2.1 Out-of-the-Box Installation (via EUR)

bash
wget https://eur.openeuler.openatom.cn/results/lesleyzheng1103/ANNC/openeuler-22.03_LTS_SP4-aarch64/00110327-ANNC/ANNC-0.0.2-3.aarch64.rpm

#  Install the package to the / directory
rpm -ivh ANNC-0.0.2-3.aarch64.rpm
  1. Run as the root user to install rpmbuild and rpmdevtools.
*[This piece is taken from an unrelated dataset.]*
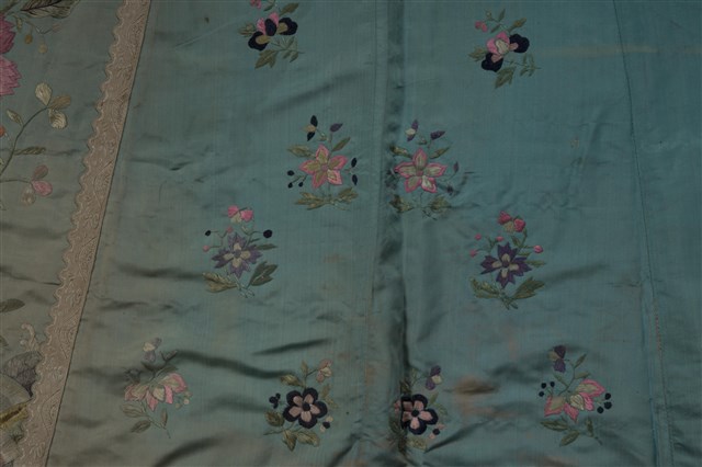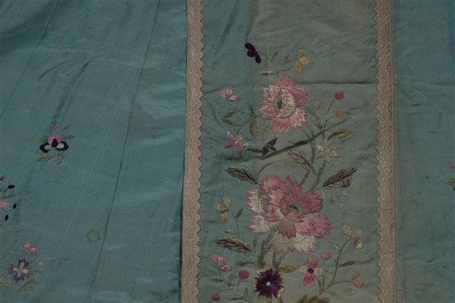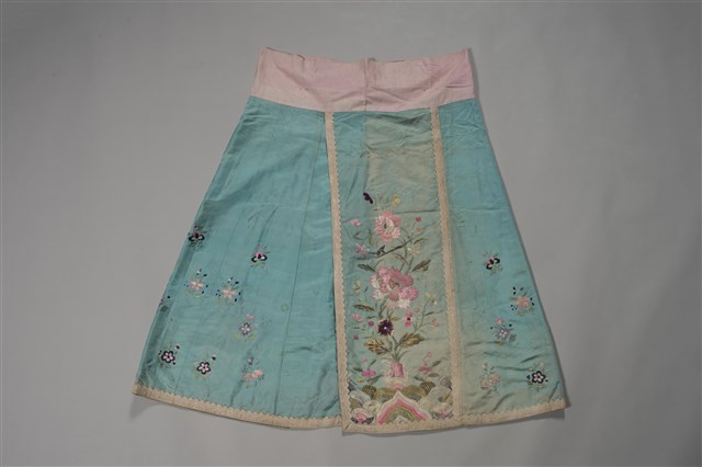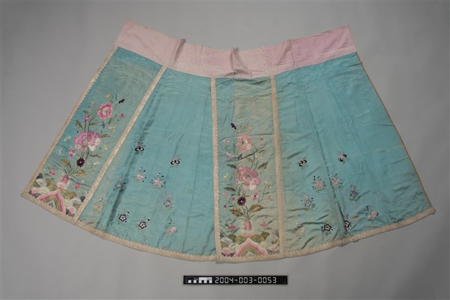 馬面裙是清朝時期漢族婦女的傳統裙式,整個裙子展開來是一片裙的形式,以兩片大小、花色、圖案相同的布幅製作而成,以腰帶連綴、兩側以綁帶固定裙腰,前後各有一長方形裙門為重疊之開口,裙門為刺繡花紋之重點,俗稱為「馬面」,因此稱為「馬面裙」 。此裙為藍色絲質材料製作,腰頭為粉紅色棉布接縫,裙門和下襬的分隔以蕾絲織帶飾邊,裙門為刺繡的重點,以絲線彩繡折枝花卉以及海水江芽、五彩立石等紋飾,是仿官員夫人禮裙上的紋飾,海水江芽、五彩立石象徵「江山一統、四海昇平」,是清代皇室、官員以及誥命夫人禮服下襬的重要紋飾。此件馬面裙兩側形式單純,沒有細細的百褶來增加行走的活動量,加上蕾絲織帶飾邊的形式咸少出現官服禮裙上,推測此件馬面裙不是正式禮裙,而是一般富貴家庭小姐的裙子。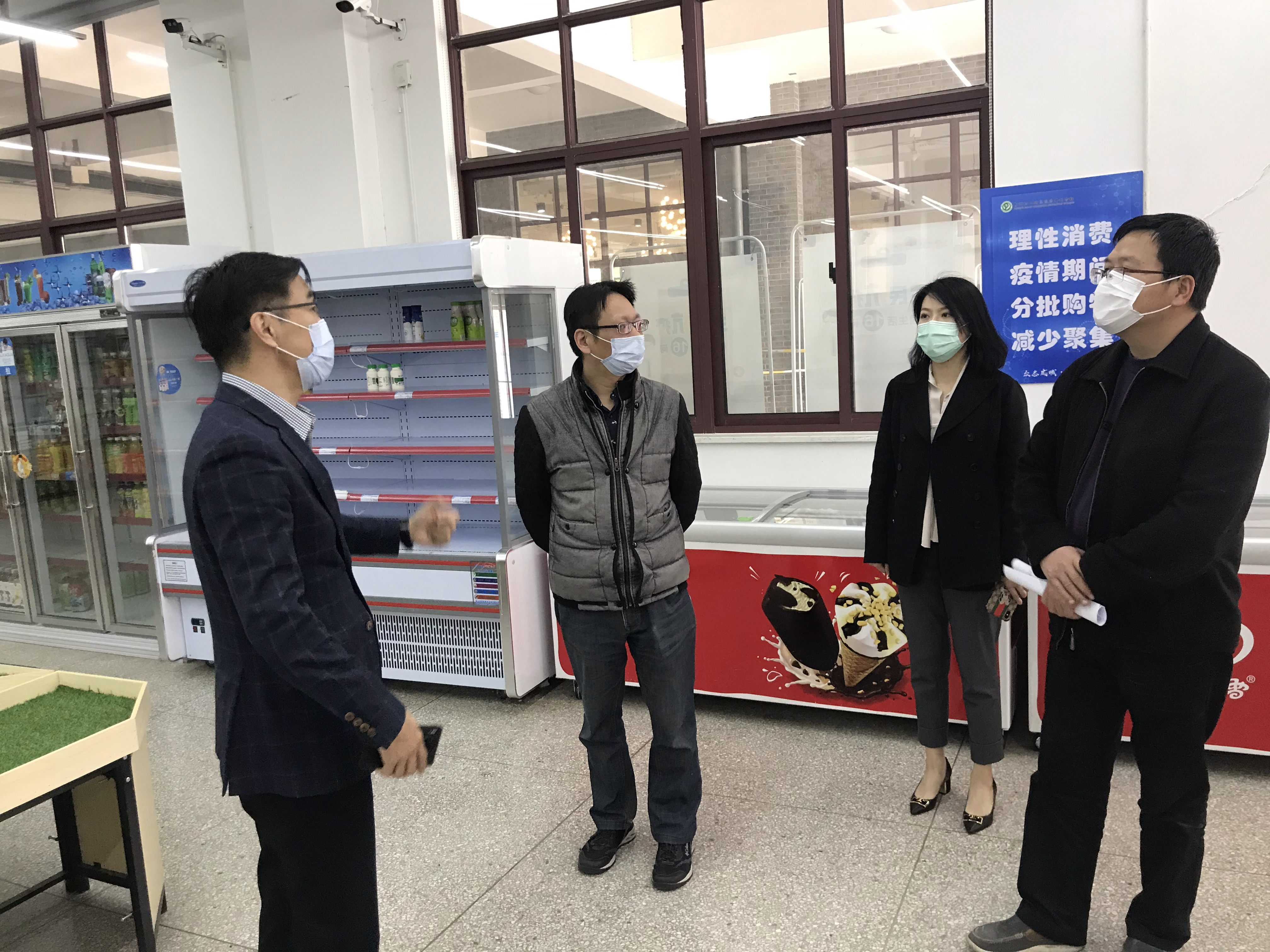 张国镇副局长一行按照开学报到当天的流程,实地查看了学校的临时隔离点、物资储备室、食堂、宿舍、超市等场所,并就超市限流、转运车辆落实等内容提出了细致的整改要求。

The commands are as follows:

    bash
    # Install rpmbuild
    yum install dnf-plugins-core rpm-build
    # Install rpmdevtools
    yum install rpmdevtools
  2. Create the rpmbuild folder in the /root directory.

    bash
    rpmdev-setuptree
    # Check the automatically generated directory structure
    ls ~/rpmbuild/
    BUILD  BUILDROOT  RPMS  SOURCES  SPECS  SRPMS
  3. Use git clone -b master https://gitee.com/src-openeuler/ANNC.git to pull code from the master branch of the target repository and place the target file in the corresponding folder of rpmbuild.

    shell
    cp ANNC/*.tar.gz* ~/rpmbuild/SOURCES
    cp ANNC/*.patch ~/rpmbuild/SOURCES/
    cp ANNC/ANNC.spec ~/rpmbuild/SPECS/
  4. Generate the RPM package of ANNC through the following steps:

    bash
    # Install ANNC dependencies
    yum-builddep ~/rpmbuild/SPECS/ANNC.spec
    # Build ANNC dependency packages
    # If check-rpaths errors are reported, add QA_RPATHS=0x0002 before rpmbuild as follows
    # QA_RPATHS=0x0002 rpmbuild -ba ~/rpmbuild/SPECS/ANNC.spec
    rpmbuild -ba ~/rpmbuild/SPECS/ANNC.spec
    # Install the RPM package
    cd ~/rpmbuild/RPMS/<arch>
    rpm -ivh ANNC-<version>-<release>.<arch>.rpm

    Note: If file conflicts arise from older RPMs already installed on your system, address them with the following methods:

    bash
    # Method 1: Install the new version forcibly
    rpm -ivh ANNC-<version>-<release>.<arch>.rpm --force
    # Method 2: Update the installation package
    rpm -Uvh ANNC-<version>-<release>.<arch>.rpm

2.3 Build and Installation Using Source Code

Obtain ANNC source code from https://gitee.com/openeuler/ANNC.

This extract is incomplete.